To be home truly, on Country, is to become it. Particles. Substance

of place. Belonging. Inhale. Exhale. Everything seems to swirl around,

to gather, reform, then set out again. Like murmuring birds everything

attempts to test and reset, in order to work properly, know its place,

align to synchronise. And yet, on walls in state galleries are lauded

colonial renditions of such places where my forebears were killed

or from which they were banished. These don’t carry Aboriginal

placenames and rarely show the original people, because these artwork

landscapes claim place much like land title deeds, then fabricated and

since inherited.

 

In boxes in state museums our Country lays by the ton. Our

Ancestors’ stone tools were taken, shipped offshore. Their absence

wilfully erases evidence of the longest occupation of any place by

a people. How can a culture of colonists arrive, new and blind, and

believe they can own the living land, its waterways, its creatures, and

therefore control time, the future? How can original people wake them

up without sacrificing too much to the task? When I kneel by a river

on my island home, I don’t need to see my reflection to be grounded.

Our Old People are in the wind, my imprint in that mud is the same

repeated, over millennia, by family.


p/re-occupied, 2022

mixed media, video projection, sound, kayak, rocks (Paranaple river, Lutruwita / Tasmania), edited by Craige Langworthy

7:23 mins

Courtesy the artist. This project has been realised in accordance with ICIP protocols (visual arts), (Janke, 2019, Australia Council) and acknowledges the custodial interest of the First Peoples of Lutruwita (Tasmania) on whose unceded lands, riverways and estuaries this work was realised.

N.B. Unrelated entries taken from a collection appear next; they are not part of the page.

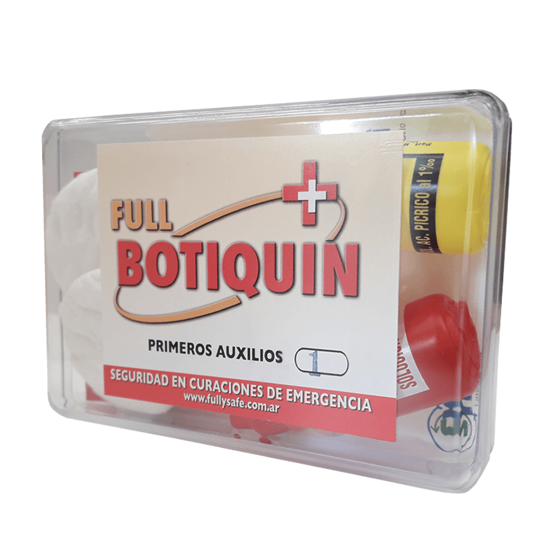 Contenido: 1 agua oxigenada 30cc, 2 apósitos protectores, 2 hisopos, 2 discos de algodón hidrófilo, 1 sobre de gasa hidrófila, 1 bicarbonato 25gr, 1 jabón.
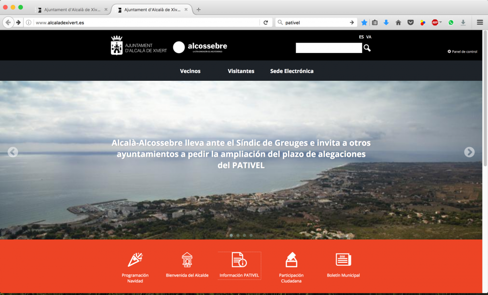 Con el fin de facilitar al máximo la presentación de alegaciones a los numerosos vecinos afectados por el desarrollo del Plan de Acción Territorial de Infraestructura Verde del Litoral-Pativel, la web municipal incorpora desde hoy un apartado específico en el que se especifica toda la información sobre qué es y cómo afecta al municipio el desarrollo del Pativel. En la sección, que aparece visible desde el menú principal de la web, podrán descargarse tres modelos de alegaciones ya redactadas a las que podrán sumarse tanto propietarios afectados como vecinos interesados en alegar a los puntos del plan con los que no están de acuerdo.
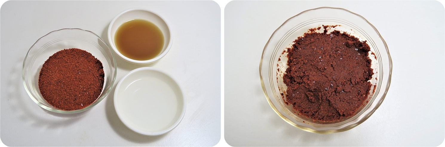 고춧가루 500g에 미지근한 물 3큰술, 멸치액젓 3큰술을 섞어서 30분 정도 불려주세요.
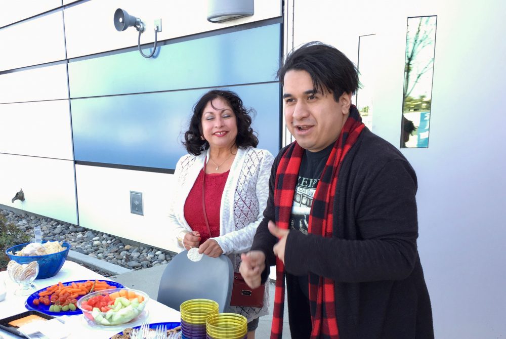 Pat Hyde and Brian Temp at Bravura art show for Cerritos College.
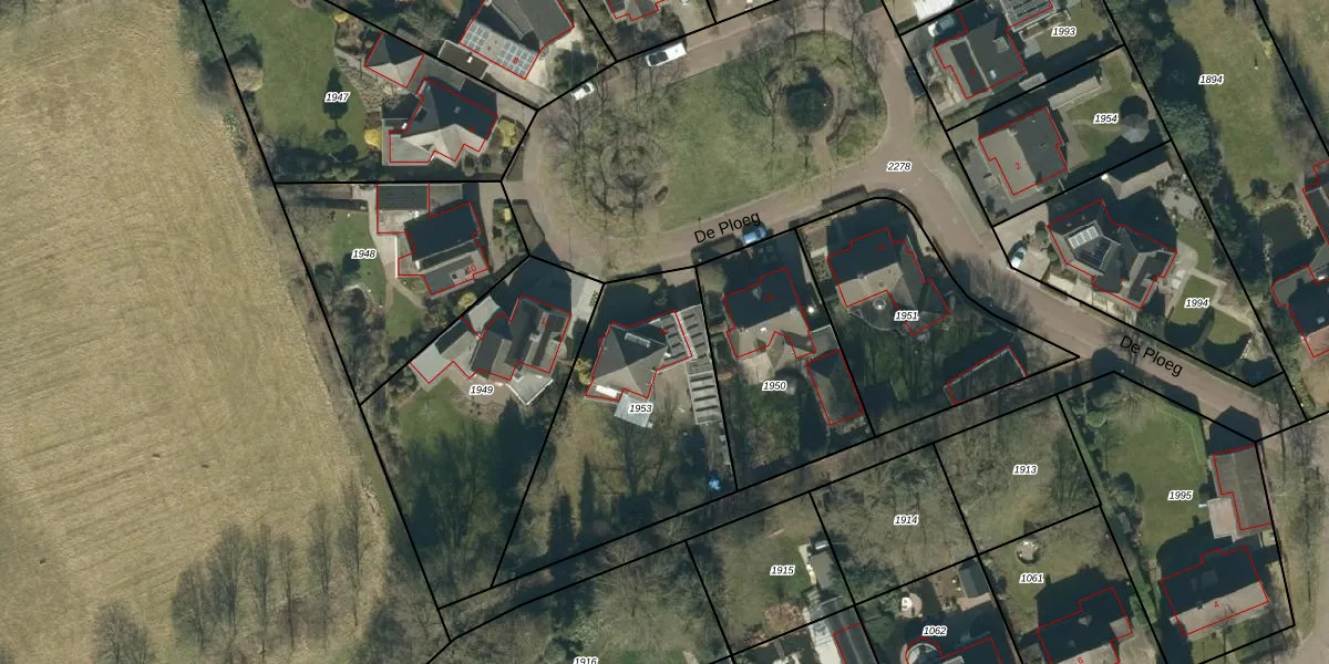 Het perceel waarop De Ploeg 12 staat heeft een oppervlakte van 970 m². Dit is een groot perceel. De perceeloppervlakte wordt geregistreerd door het Kadaster. Gedetailleerde informatie over de maten van dit perceel kunt u vinden in het rapport Kadastrale kaart met maatvoering van De Ploeg 12.
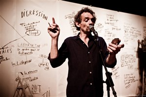 Benoît Bonnemaison-Fitte, affairé sur la page, inscrit, relève, dessine en mots, noircit et rend visible ce qui est dit.
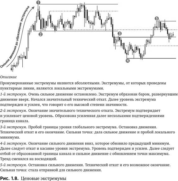 Как уже было сказано, даже трендовое движение происходит не прямолинейно. При сохранении основного направления цена может откатываться в сторону, противоположную основному движению, образуя коррекции. Поэтому принято считать, что тренд — это совокупность последовательно повышающихся ценовых минимумов и максимумов в случае восходящей тенденции и, соответственно, последовательно понижающихся максимумов и минимумов при нисходящей тенденции. Такие достигаемые ценой максимумы и минимумы называют экстремумами. При этом различают глобальные экстремумы — абсолютно максимальные или абсолютно минимальные значения цены, достигнутые и не превзойденные за долгий промежуток времени, и локальные экстремумы — максимальные или минимальные значения цены на средне- и краткосрочном промежутке времени, но не превосходящие по своей величине ценовых значений глобальных экстремумов.
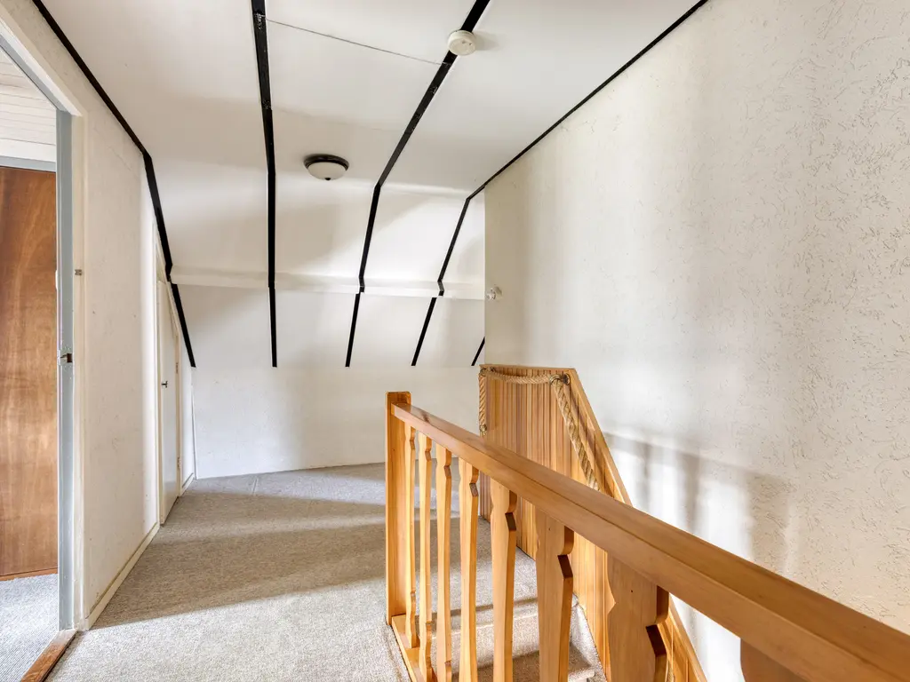 Ruime overloop met een bergkast en toegang tot alle vertrekken. De overloop is afgewerkt met vloerbedekking.
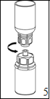 5. With one hand grasp the product-side of the Mix2Vial set, and with the other hand grasp the solvent-side and unscrew the set carefully into two pieces.

Commissioned by the Biennale of Sydney with generous assistance from Arts Tasmania and the Australian Museum

Trawlwoolway artist Julie Gough follows several interconnecting ancestral rivers and tributaries in the Midlands of Tasmania and the absence of ancestral objects for the 23 Biennale of Sydney. Gough has 3D printed up to 100 Tasmanian stone tools held in the Australian Museum collections off-Country suspended like a shower of black rain. Footage of Gough kayaking along isolated waterways of paranaple (Mersey river), panatana creek, tinamirakuna (Macquarie river) and lokenermenanya (Clyde river) is a virtual return to Country and Riverways for the tools. The sack of river rocks collected from paranaple (Mersey river) balance the vessel Gough used to visit these sites of un/return. The stickers of Tasmanian tools are like disturbing avatars and we are left to imagine the possibilities if only the artist was in possession of the tools. Gough is uncovering the glitches in using new technologies to repatriate facsimiles of cultural belongings. Through the distance of covid lockdowns Gough never got to hold these stone tools handmade by her Old People. 

Julie Gough says ‘In boxes in state museums our Country lays by the ton. Our Ancestors’ stone tools were taken, shipped offshore. Their absence wilfully erases evidence of the longest occupation of any place by a people. How can a culture of colonists arrive, new and blind, and believe they can own the living land, its waterways, its creatures, and therefore control time, the future?’